*** SUPPLIED MATERIAL ***

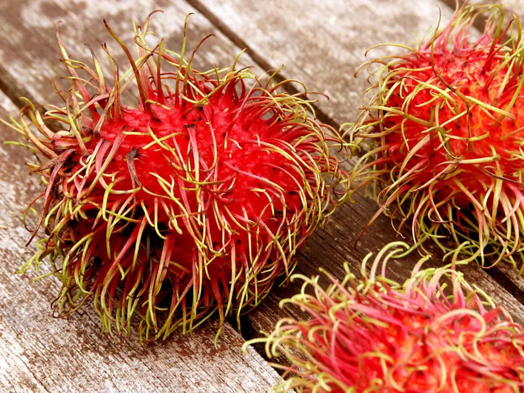 Rambutans (ramboetans) zijn ongeveer even groot als kastanjes. De naam van de vrucht komt van het Maleisische woord ‘rambut’ dat ‘haar’ betekent. De zachte, haarachtige stekels zijn bij verse rambutans rood of geel gekleurd.
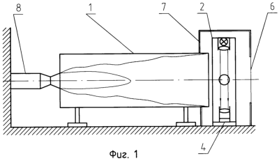 Стенд содержит газовод 1, на выходе из которого на раме 2 установлен источник излучения 3 и диаметрально противоположно ему – основной приемник излучения 4. В той же плоскости установлен дополнительный приемник излучения 5. Дополнительный приемник 5 установлен под углом 90° к основному, т.к. в этом случае в поле зрения его попадает минимальная зона исследуемого газового потока, освещенная источником излучения. Рама 2 с источником излучения 3 и приемниками 4 и 5 заключены в кабину 6 с внутренним светопоглощающим покрытием 7. Перед газоводом 1 на оси его закреплен источник исследуемого газового потока – ракетный двигатель 8.
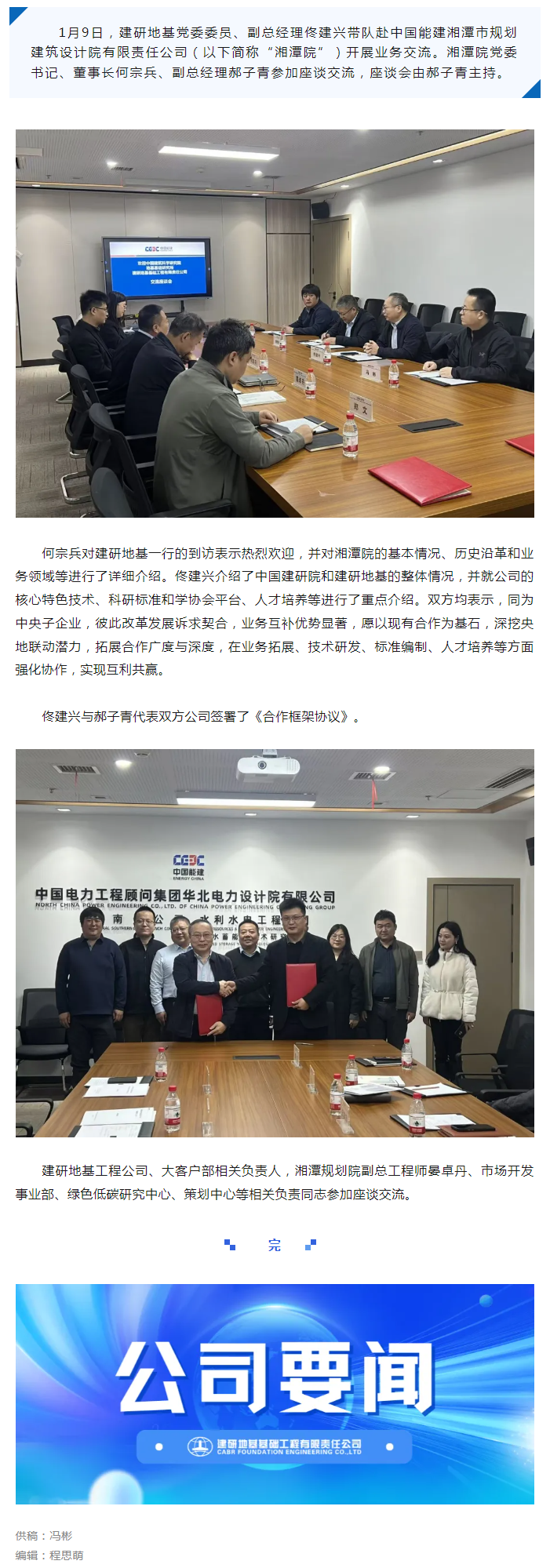 建研地基副总经理佟建兴率队赴中国能建湘潭院开展业务交流

***

* **WORK REQUIRED**:
Retype the data word for word and keep the pictures out of it.

* **EXPECTED OUTPUT**:
 Rambutans (ramboetans) zijn ongeveer even groot als kastanjes. De naam van de vrucht komt van het Maleisische woord ‘rambut’ dat ‘haar’ betekent. De zachte, haarachtige stekels zijn bij verse rambutans rood of geel gekleurd.
 Стенд содержит газовод 1, на выходе из которого на раме 2 установлен источник излучения 3 и диаметрально противоположно ему – основной приемник излучения 4. В той же плоскости установлен дополнительный приемник излучения 5. Дополнительный приемник 5 установлен под углом 90° к основному, т.к. в этом случае в поле зрения его попадает минимальная зона исследуемого газового потока, освещенная источником излучения. Рама 2 с источником излучения 3 и приемниками 4 и 5 заключены в кабину 6 с внутренним светопоглощающим покрытием 7. Перед газоводом 1 на оси его закреплен источник исследуемого газового потока – ракетный двигатель 8.
 建研地基副总经理佟建兴率队赴中国能建湘潭院开展业务交流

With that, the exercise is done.